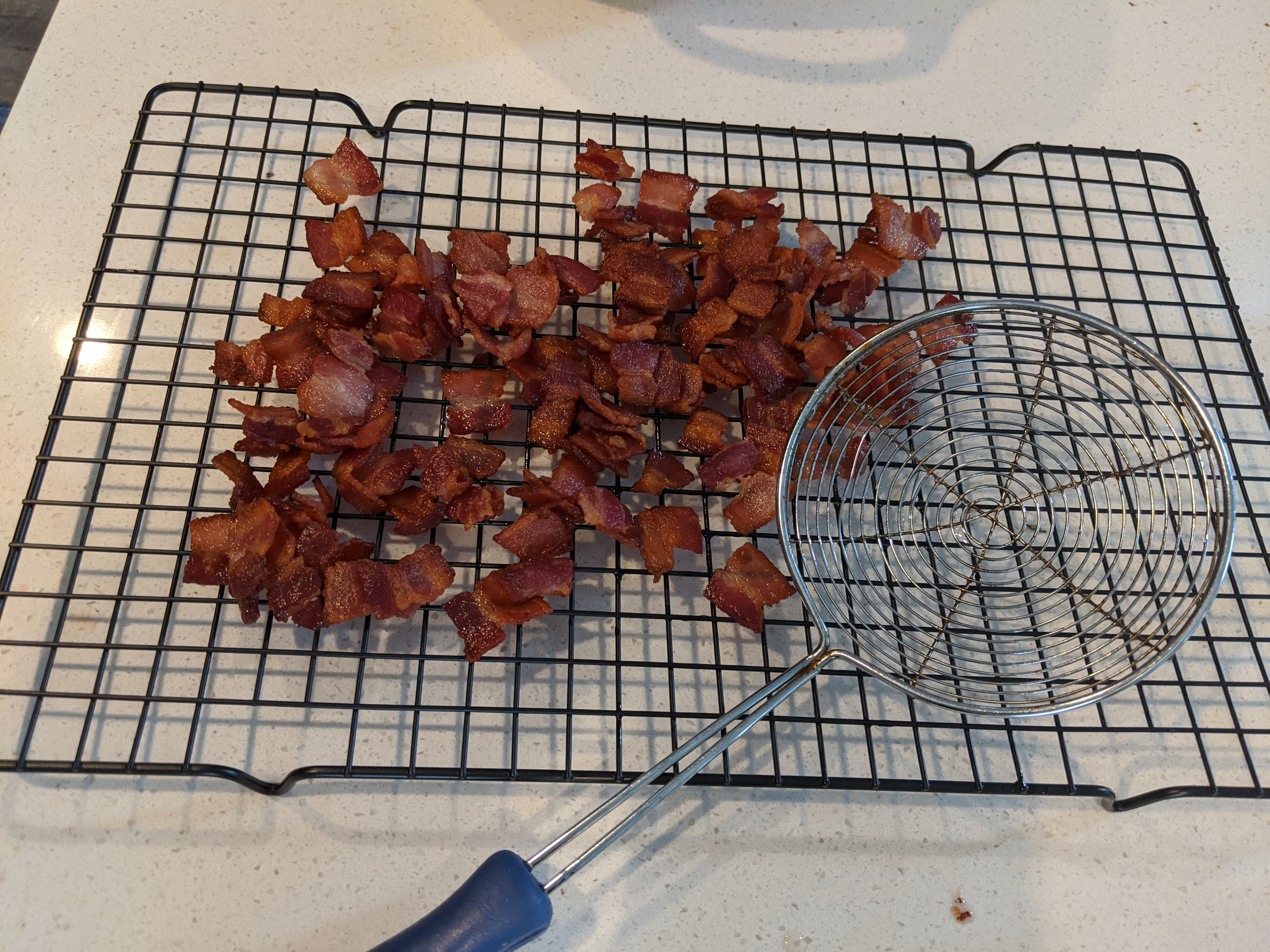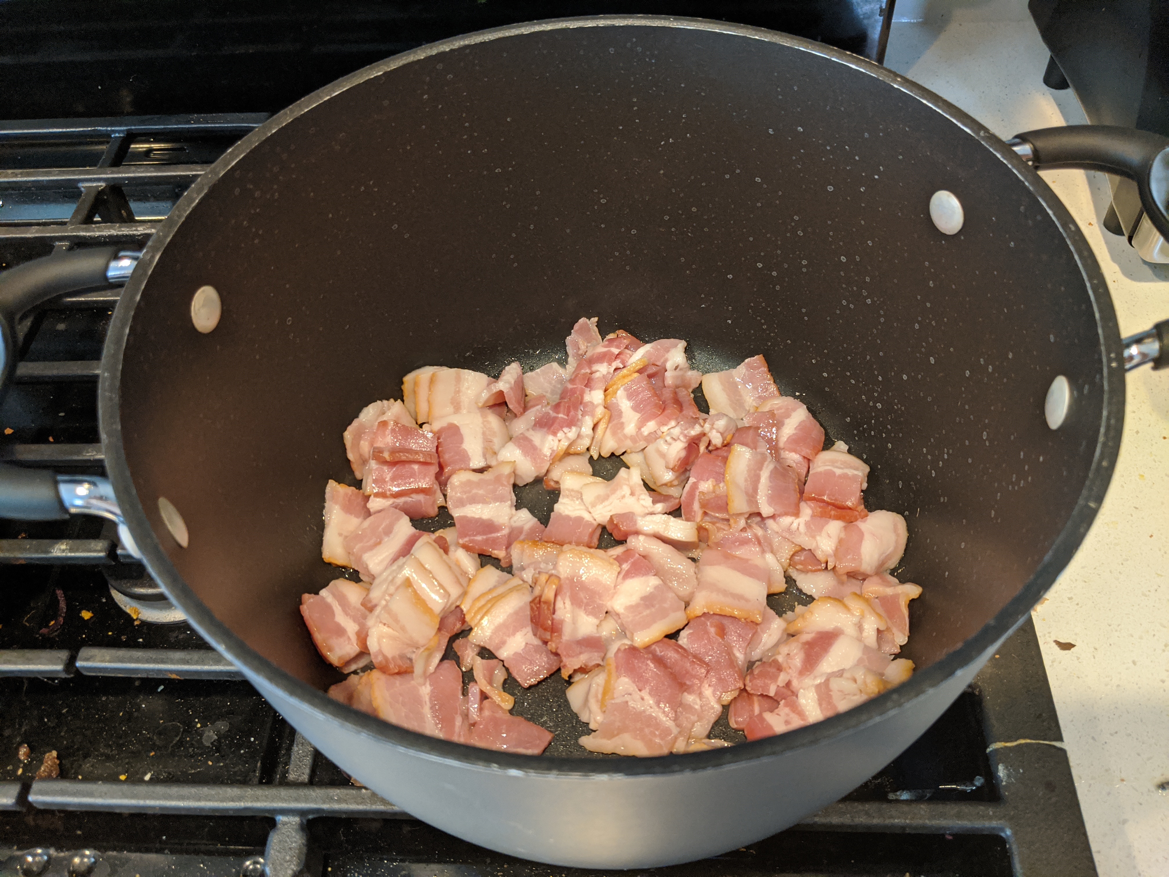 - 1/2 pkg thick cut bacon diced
==
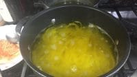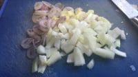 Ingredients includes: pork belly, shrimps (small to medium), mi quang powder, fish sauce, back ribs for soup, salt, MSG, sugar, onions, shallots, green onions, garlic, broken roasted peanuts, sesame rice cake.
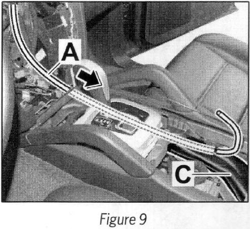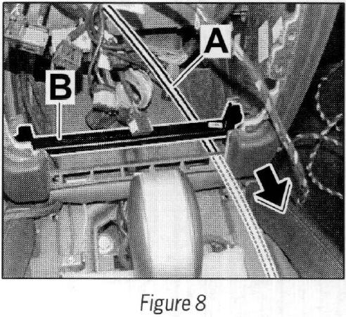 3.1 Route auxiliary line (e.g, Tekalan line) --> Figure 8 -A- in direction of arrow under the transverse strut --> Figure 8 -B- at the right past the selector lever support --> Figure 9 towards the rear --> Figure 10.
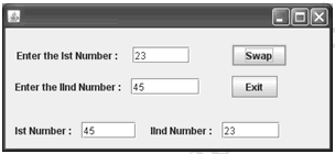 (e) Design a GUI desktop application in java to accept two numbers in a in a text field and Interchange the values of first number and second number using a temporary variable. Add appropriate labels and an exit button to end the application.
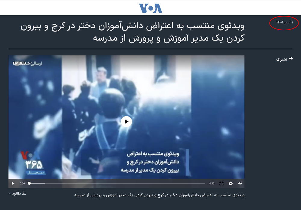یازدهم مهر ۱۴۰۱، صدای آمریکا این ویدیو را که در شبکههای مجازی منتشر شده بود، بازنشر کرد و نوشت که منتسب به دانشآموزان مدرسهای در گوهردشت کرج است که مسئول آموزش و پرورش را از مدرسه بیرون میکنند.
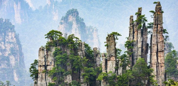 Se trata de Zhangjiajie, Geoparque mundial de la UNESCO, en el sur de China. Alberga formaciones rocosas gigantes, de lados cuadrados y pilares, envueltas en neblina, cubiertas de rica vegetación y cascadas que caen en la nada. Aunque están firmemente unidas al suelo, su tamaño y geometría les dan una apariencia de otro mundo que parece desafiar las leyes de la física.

ACTION ITEM - Reproduce the lines above beginning at the line that contains "(e) Design a" and ending at the line that contains "Se trata de". No pictures.

TASK RESULT -
 (e) Design a GUI desktop application in java to accept two numbers in a in a text field and Interchange the values of first number and second number using a temporary variable. Add appropriate labels and an exit button to end the application.
یازدهم مهر ۱۴۰۱، صدای آمریکا این ویدیو را که در شبکههای مجازی منتشر شده بود، بازنشر کرد و نوشت که منتسب به دانشآموزان مدرسهای در گوهردشت کرج است که مسئول آموزش و پرورش را از مدرسه بیرون میکنند.
 Se trata de Zhangjiajie, Geoparque mundial de la UNESCO, en el sur de China. Alberga formaciones rocosas gigantes, de lados cuadrados y pilares, envueltas en neblina, cubiertas de rica vegetación y cascadas que caen en la nada. Aunque están firmemente unidas al suelo, su tamaño y geometría les dan una apariencia de otro mundo que parece desafiar las leyes de la física.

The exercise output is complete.